## HOW TO COMPLETE THIS TASK:
Repeat verbatim, and only, the lines of the data below, beginning at the line that contains "В приложении на" and stopping after the line that contains "2. Общие обязанности".
== SUPPLIED DATA
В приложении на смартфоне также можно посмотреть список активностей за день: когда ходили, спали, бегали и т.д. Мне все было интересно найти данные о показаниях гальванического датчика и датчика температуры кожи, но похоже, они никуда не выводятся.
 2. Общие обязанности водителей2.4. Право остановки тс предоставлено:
====
== SUPPLIED DATA
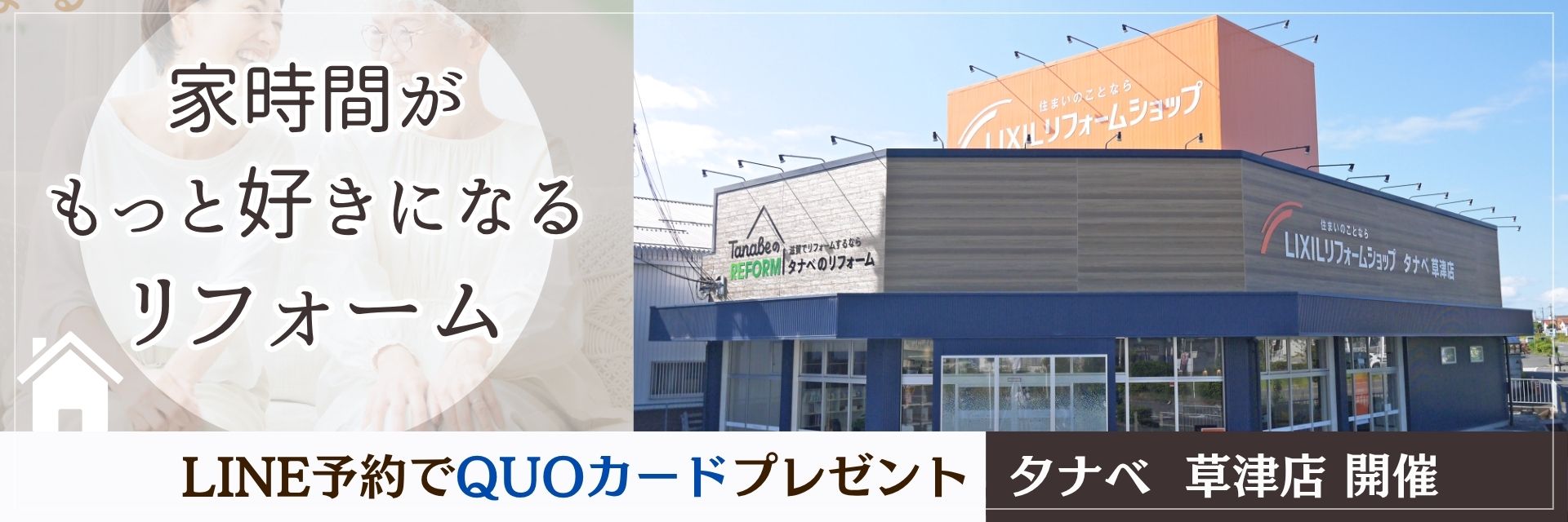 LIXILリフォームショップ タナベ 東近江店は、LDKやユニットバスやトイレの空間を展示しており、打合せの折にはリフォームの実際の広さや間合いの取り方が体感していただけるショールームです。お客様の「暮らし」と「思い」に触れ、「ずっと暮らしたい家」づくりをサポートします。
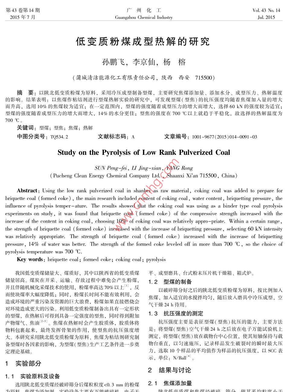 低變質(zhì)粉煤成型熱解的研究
====
## SOLUTION:
В приложении на смартфоне также можно посмотреть список активностей за день: когда ходили, спали, бегали и т.д. Мне все было интересно найти данные о показаниях гальванического датчика и датчика температуры кожи, но похоже, они никуда не выводятся.
 2. Общие обязанности водителей2.4. Право остановки тс предоставлено:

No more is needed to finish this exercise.